Ginsburg was slammed in 2009 and again in 2014 for promoting what seemed to be eugenics against "unwanted" populations.

In a comment to The New York Times, she said, "Frankly I had thought that at the time [Roe v. Wade] was decided there was concern about population growth and particularly growth in populations that we don't want to have too many of."

And in 2014, she remarked to Elle Magazine, "It makes no sense as a national policy to promote birth only among poor people."

Her critics noted the longtime link between abortion advocacy and eugenics, its most notable proponent Margaret Sanger, whose Birth Control League morphed into Planned Parenthood, and who regularly associated with the American Eugenics Society and corresponded with the architect of Hitler's Nazi eugenics program.

Ginsburg's frail health has been cause for speculation and concern, with her supporters worried that an untimely death would lead to a vacancy on the bench, paving the way for a solid conservative majority on the court — which would portend liberals' worst fear and conservatives' greatest hope: the reversal of Roe v. Wade.

Ginsburg consistently sides with the liberal bloc on the High Court: Justices Elena Kagan, Sonia Sotomayor and Stephen Breyer. More conservative-leaning justices include Chief Justice John Roberts and Justices Clarence Thomas, Samuel Alito, Neil Gorsuch and Brett Kavanaugh.
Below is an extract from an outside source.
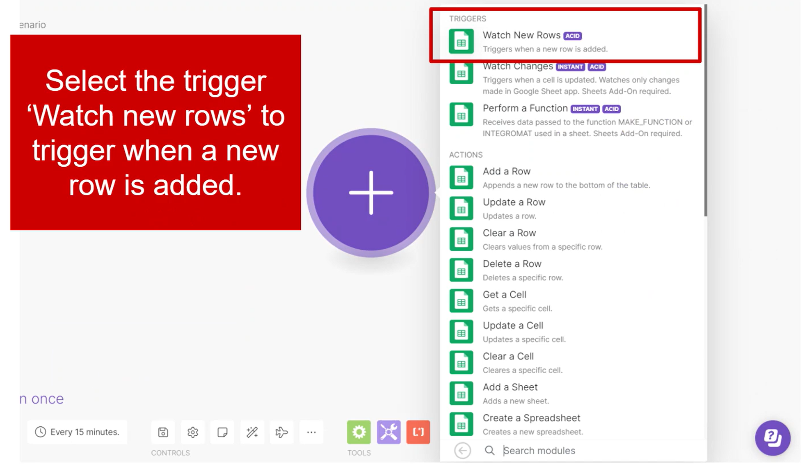 - Choose the "Watch New Rows" trigger to activate the process when a new row is appended.
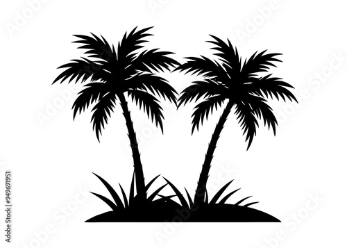 illustration, design, design element, clip art, symbol, white background, black-and-white, outline, cutting, object, logotype, logotype, icon, book, children, silhouette, line art, black-and-white, black, white, vignetting, element, cut-out, palm tree, coconut, nature, tree, summer, leaf, curve, simplicity, vertical, art, two objects, plant, palm leaf, tree trunk, no people, outdoors, dark, horizontal

The Supreme Court battle that would ensue if Ginsburg's health concerns prove too much for her are expected to eclipse that of Kavanaugh after he was nominated to take the place of retired justice — and pro-homosexual activist — Anthony Kennedy in 2018.

"This confirmation process has become a national disgrace," Kavanaugh said during his highly contentious confirmation hearings, where he was accused by Christine Blasey Ford of standing by while she was sexually assaulted — allegations that were later contradicted by the evidence.

"There has been a frenzy on the Left to come up with something, anything, to oppose my nomination," he said.

A new vacancy on the court would mean the loss of Ginsburg's critical vote in any abortion or homosexual-related cases — a vote the Left will not give up without an intense fight.

With Ginsburg's health once again in the news, Americans on the Left and on the Right stand poised for the possibility of an imminent High Court vacancy, which would likely make any "frenzy" surrounding Kavanaugh's nomination look like child's play.